Будто преследуемый фуриями, бросился сержант в узкий коридор направо, оттуда доносились стоны. Здесь, в конце коридора, на пути его вырос багряно-красный столп — Магда… Рассыпая снопы искр, она поднялась высокая, выше человеческого роста, торжествующая и грозная.

Заслонился рукой и, дрожа всем телом, прохрипел:

— Чего тебе?

Ее губы змеились жестокой улыбкой, огненным бликом мелькнувшей на пылающих щеках. Взмыли ввысь руки — и багровой завесой отрезали путь вперед.

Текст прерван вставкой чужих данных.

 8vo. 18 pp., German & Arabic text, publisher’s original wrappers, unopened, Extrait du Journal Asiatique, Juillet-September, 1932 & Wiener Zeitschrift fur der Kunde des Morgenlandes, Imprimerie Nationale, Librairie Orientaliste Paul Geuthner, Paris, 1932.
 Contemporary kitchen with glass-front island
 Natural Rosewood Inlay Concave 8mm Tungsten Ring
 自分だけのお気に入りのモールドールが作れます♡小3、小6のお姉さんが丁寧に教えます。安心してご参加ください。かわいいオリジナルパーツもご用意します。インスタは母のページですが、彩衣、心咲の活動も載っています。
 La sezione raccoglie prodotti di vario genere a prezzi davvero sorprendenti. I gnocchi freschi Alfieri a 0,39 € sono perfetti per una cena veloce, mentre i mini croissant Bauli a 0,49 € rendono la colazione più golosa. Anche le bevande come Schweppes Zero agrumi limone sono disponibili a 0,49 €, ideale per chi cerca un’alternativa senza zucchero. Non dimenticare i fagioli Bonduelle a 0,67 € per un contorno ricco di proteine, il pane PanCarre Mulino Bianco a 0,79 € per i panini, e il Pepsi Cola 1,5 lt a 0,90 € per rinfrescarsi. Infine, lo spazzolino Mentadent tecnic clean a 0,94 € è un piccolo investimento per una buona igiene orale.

— Прочь с дороги! — Шпонар обезумел от ужаса и гнева. — С дороги, Магда!

И прошел сквозь завесу — сквозь багровый туман. Обожгло руки и шею, вскрикнул от боли. И все-таки прорвался.

В следующее мгновение уже нес на руках старушку и, сев на подоконник, передал спасенную пожарному на лестнице.

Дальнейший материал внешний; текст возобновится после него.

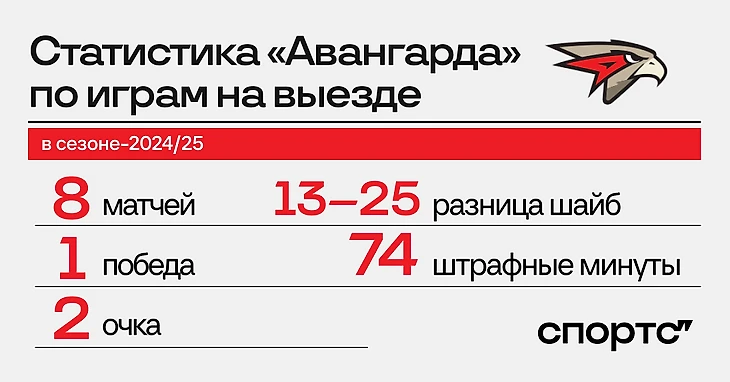 ● 74 штрафные минуты. На выезде «Авангард» часто подводит дисциплина. Особенно это заметно на фоне статистики домашних матчей – там у команды только 45 минут штрафа. В предыдущей игре с «Металлургом» (2:4), которая тоже была гостевой, «Авангард» набрал сразу 20 штрафных минут. Для сравнения – соперник в том матче вообще не удалялся.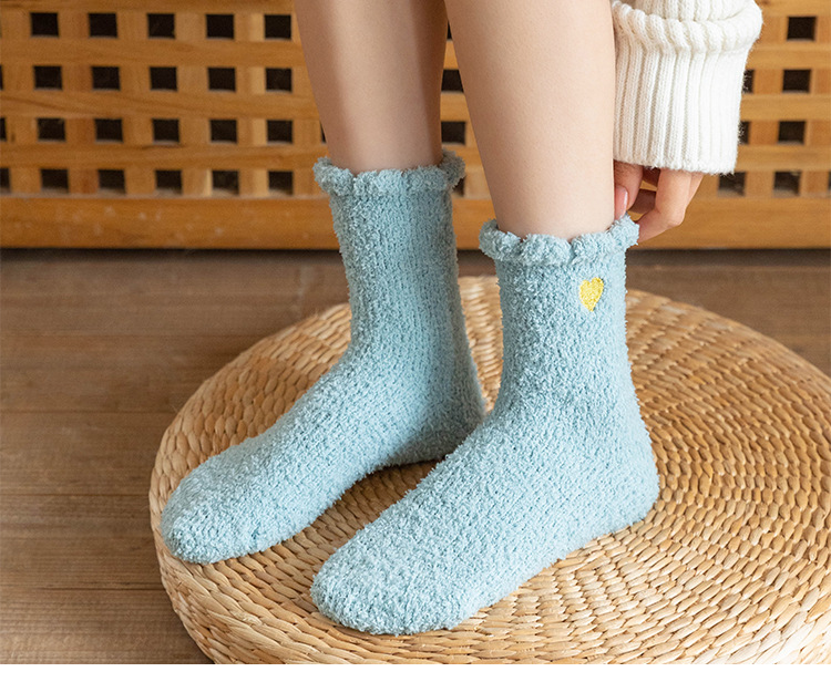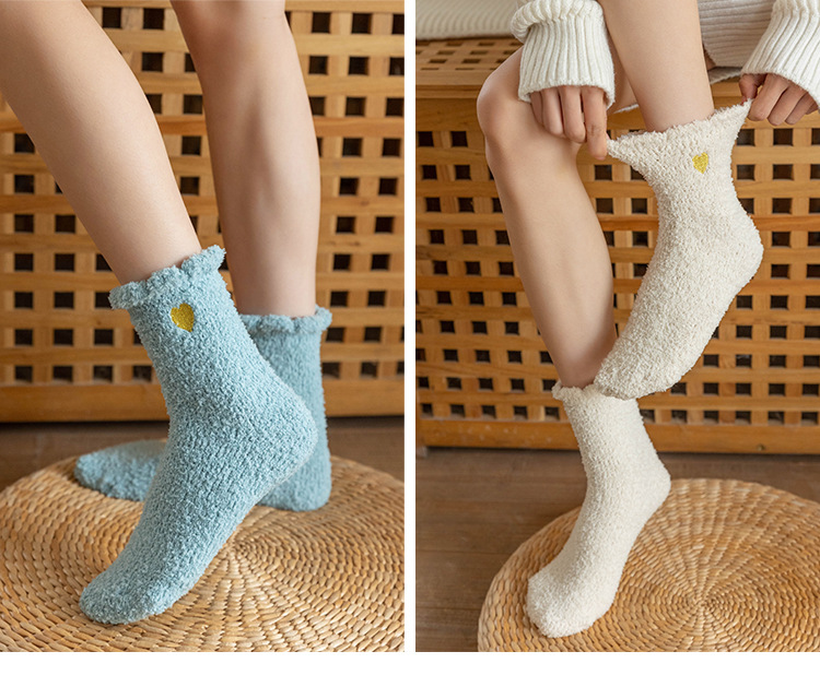 국경 간 산호 벨벳 양말 여성 양말 겨울 기모 두꺼운 겨울 감금 산후 수면 수건 바닥 양말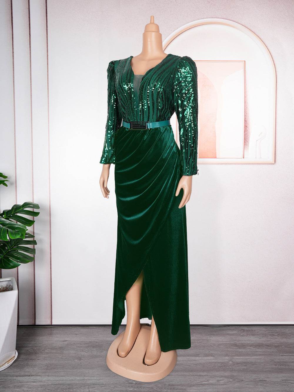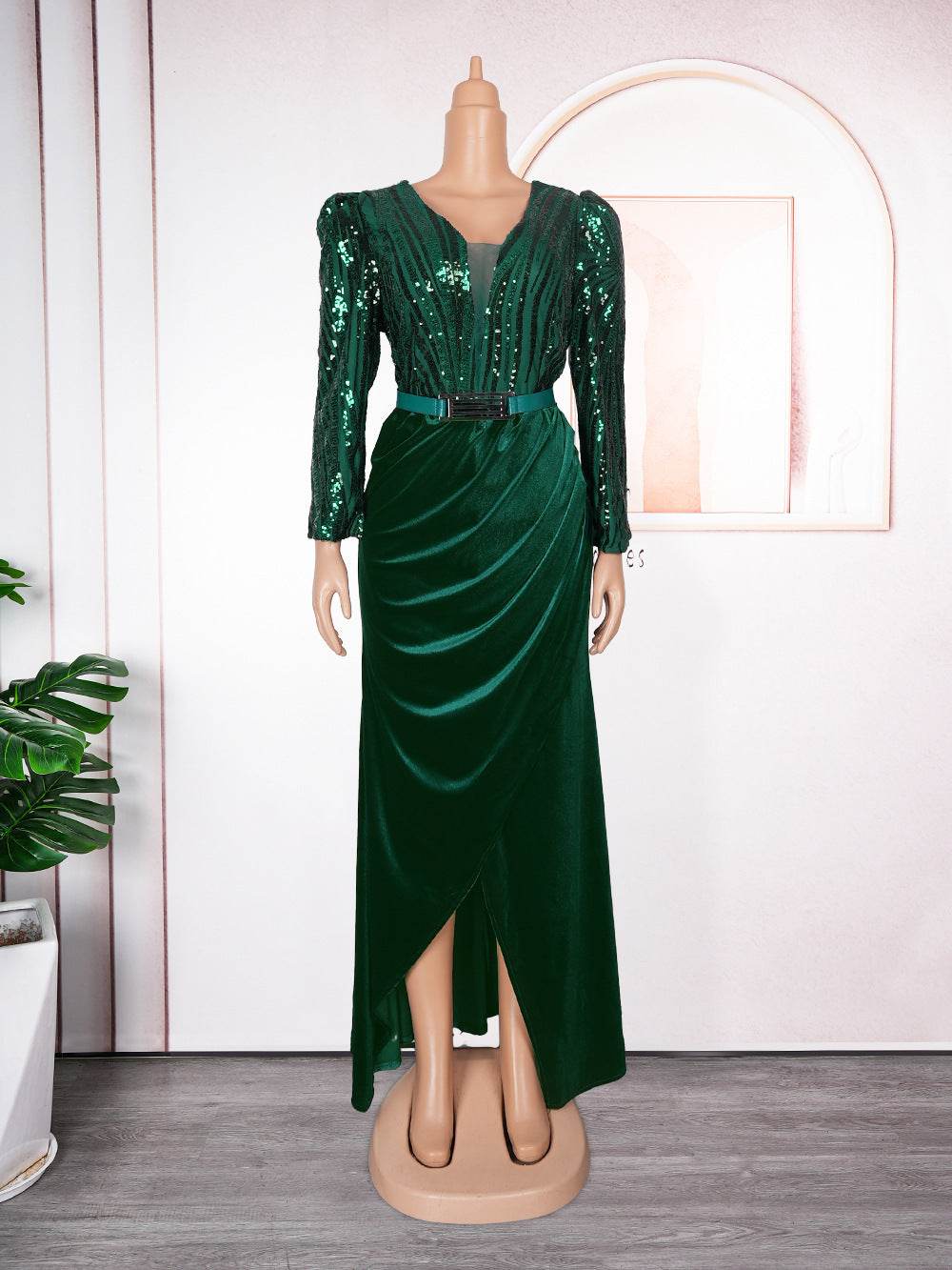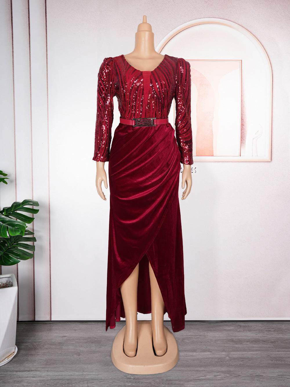 Women's Plus Size Flannel Sequined Party Dress - Mubimart

Тем временем команда опускала людей на землю в спасательных мешках, а более сильных, особенно мужчин, — в петлях, наскоро связанных из шнура; иные, посмелее, сами спрыгнули на разостланные внизу маты. Оставался последний этаж. Несмотря на усилия пожарных, огненные вихри торжествующе охватили весь дом, победно взвились над крышей.

Шпонар работал за двоих, за троих. Успевал повсюду. Словно демон спасения, бросался в самое пекло, презирая жизнь, повисал над пропастью; подобно канатоходцу, то и дело держал равновесие между небом и землей. В напряжении всех своих сил вынес из пламени двадцать человек, спас жизнь двоим товарищам, обеспечил отступление другим. И повсюду крался за ним красный призрак, преследовал запах огнистых волос. То лицо возникало в дымной мгле, то кроваво-рдяная фигура проплывала над рухнувшим балконом, и метелью искр повсюду развевались пламенные космы.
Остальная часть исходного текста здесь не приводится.